Records from a dataset:
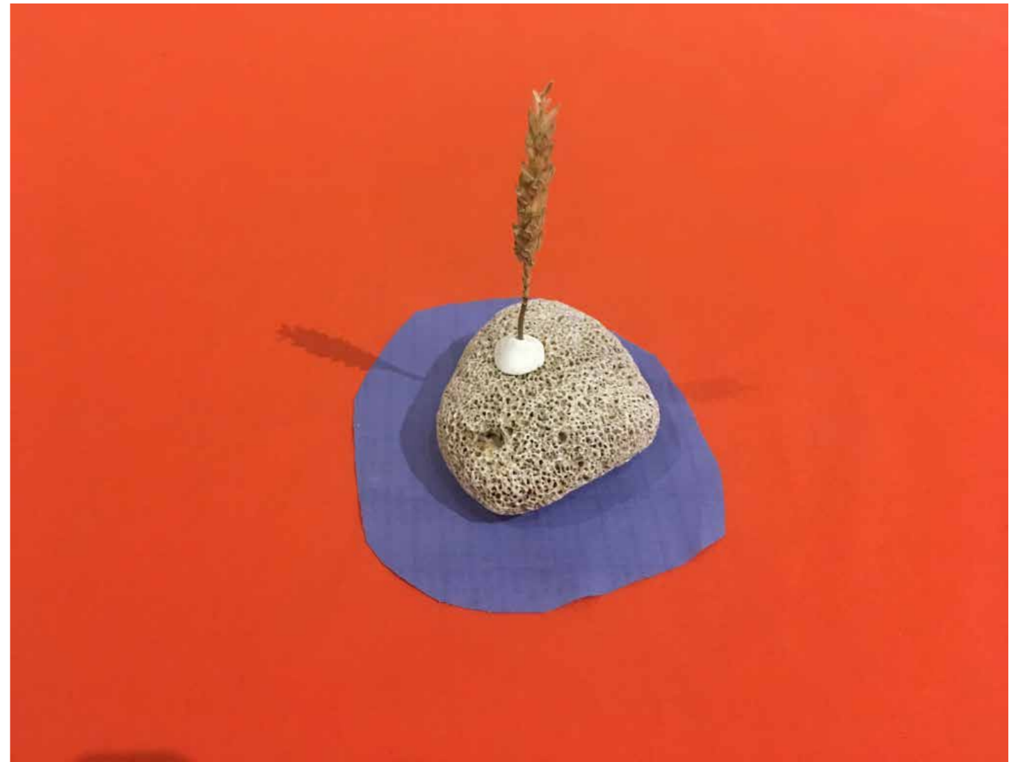
Un brin de blé sur un bout de Corynthe , 2018 Tissu, pierre, argile, blé
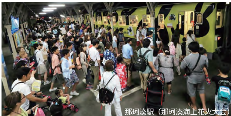
那珂湊駅(那珂湊海上花火大会)
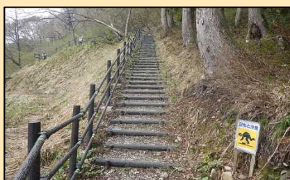
遊歩道手摺撤去前

大源太湖を周遊する遊歩道に使用している手摺は、積雪による倒壊の恐れがあるため、撤去しております。
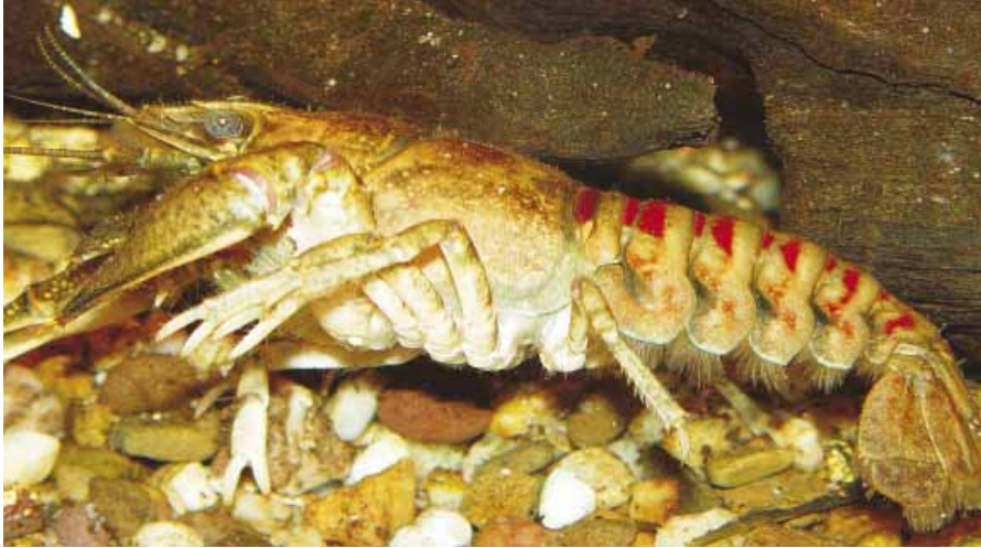
De gevlekte Amerikaanse rivierkreeft is de meest voorkomende kreeftensoort in de Nederlandse wateren (foto: Fabrice Ottburg).

kreeften voorkomen, worden nauwelijks waterplanten aangetroffen. Indirect effect is het afnemen van ei-afzetplaatsen voor vissoorten als rietvoorn ( Rutilus erythrophthalmus ), grote modderkruiper ( Misgurnus fossilis ) en snoek ( Esox lucius ). Onderzoek in Engeland 7) toont aan dat rivierdonderpad ( Cottus rhenanus ) moet concurreren om schuilplaatsen met de aanwezige exotische rivierkreeften. Ook juveniele donderpadden worden door de kreeften gepredeerd. De aanwezigheid van deze exotische rivierkreeften kan dus grote gevolgen hebben voor het aquatisch ecosysteem, onder andere door de hoge dichtheden waarin de soort voorkomt en het gebrek aan natuurlijke vijanden bij volwassen exemplaren 5) .
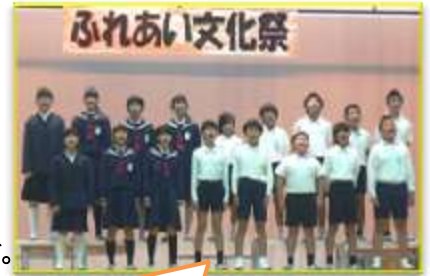
6年生の力強い歌声に感動！

22日のふれあい活動・小中合同文化祭には、多数ご参加またご協力くださりありがとうございました。新しい試みでしたので不安な面が多々あったのですが、終日、子どもたち一人一人の楽しそうな表情や頑張りが見られ、たいへんうれしく思いました。特に、ステージに立つという経験は、自分への自信にもつながります。先生方には、全員が達成感を味わえるような指導や配慮をお願いしていました。当日は見事な発表でしたね。塩江小学校の子どもたちの可能性の大きさを感じました。保護者の皆様の温かなご支援に感謝します。
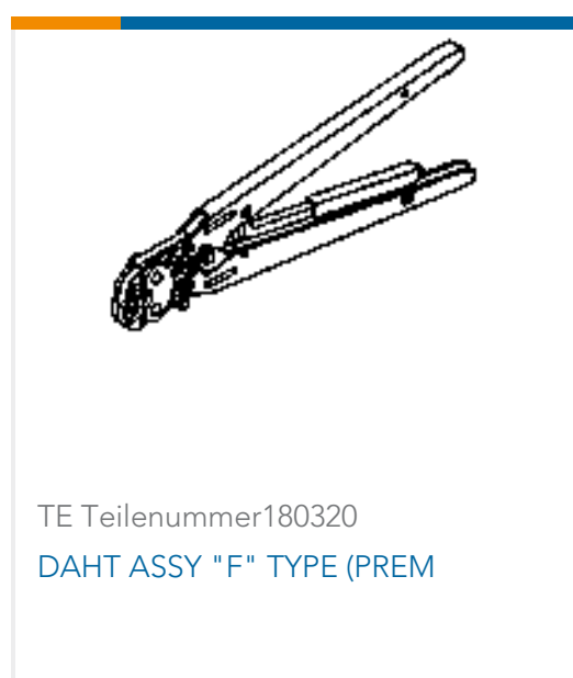
TE Teilenummer 180320 DAHT ASSY "F" TYPE (PREM)

Work required:
Output only the lines running from the one containing "De gevlekte Amerikaanse" to the end of the records, inclusive and exact; skip the pictures.

Solution for this problem:
De gevlekte Amerikaanse rivierkreeft is de meest voorkomende kreeftensoort in de Nederlandse wateren (foto: Fabrice Ottburg).

kreeften voorkomen, worden nauwelijks waterplanten aangetroffen. Indirect effect is het afnemen van ei-afzetplaatsen voor vissoorten als rietvoorn ( Rutilus erythrophthalmus ), grote modderkruiper ( Misgurnus fossilis ) en snoek ( Esox lucius ). Onderzoek in Engeland 7) toont aan dat rivierdonderpad ( Cottus rhenanus ) moet concurreren om schuilplaatsen met de aanwezige exotische rivierkreeften. Ook juveniele donderpadden worden door de kreeften gepredeerd. De aanwezigheid van deze exotische rivierkreeften kan dus grote gevolgen hebben voor het aquatisch ecosysteem, onder andere door de hoge dichtheden waarin de soort voorkomt en het gebrek aan natuurlijke vijanden bij volwassen exemplaren 5) .
6年生の力強い歌声に感動！

22日のふれあい活動・小中合同文化祭には、多数ご参加またご協力くださりありがとうございました。新しい試みでしたので不安な面が多々あったのですが、終日、子どもたち一人一人の楽しそうな表情や頑張りが見られ、たいへんうれしく思いました。特に、ステージに立つという経験は、自分への自信にもつながります。先生方には、全員が達成感を味わえるような指導や配慮をお願いしていました。当日は見事な発表でしたね。塩江小学校の子どもたちの可能性の大きさを感じました。保護者の皆様の温かなご支援に感謝します。
TE Teilenummer 180320 DAHT ASSY "F" TYPE (PREM)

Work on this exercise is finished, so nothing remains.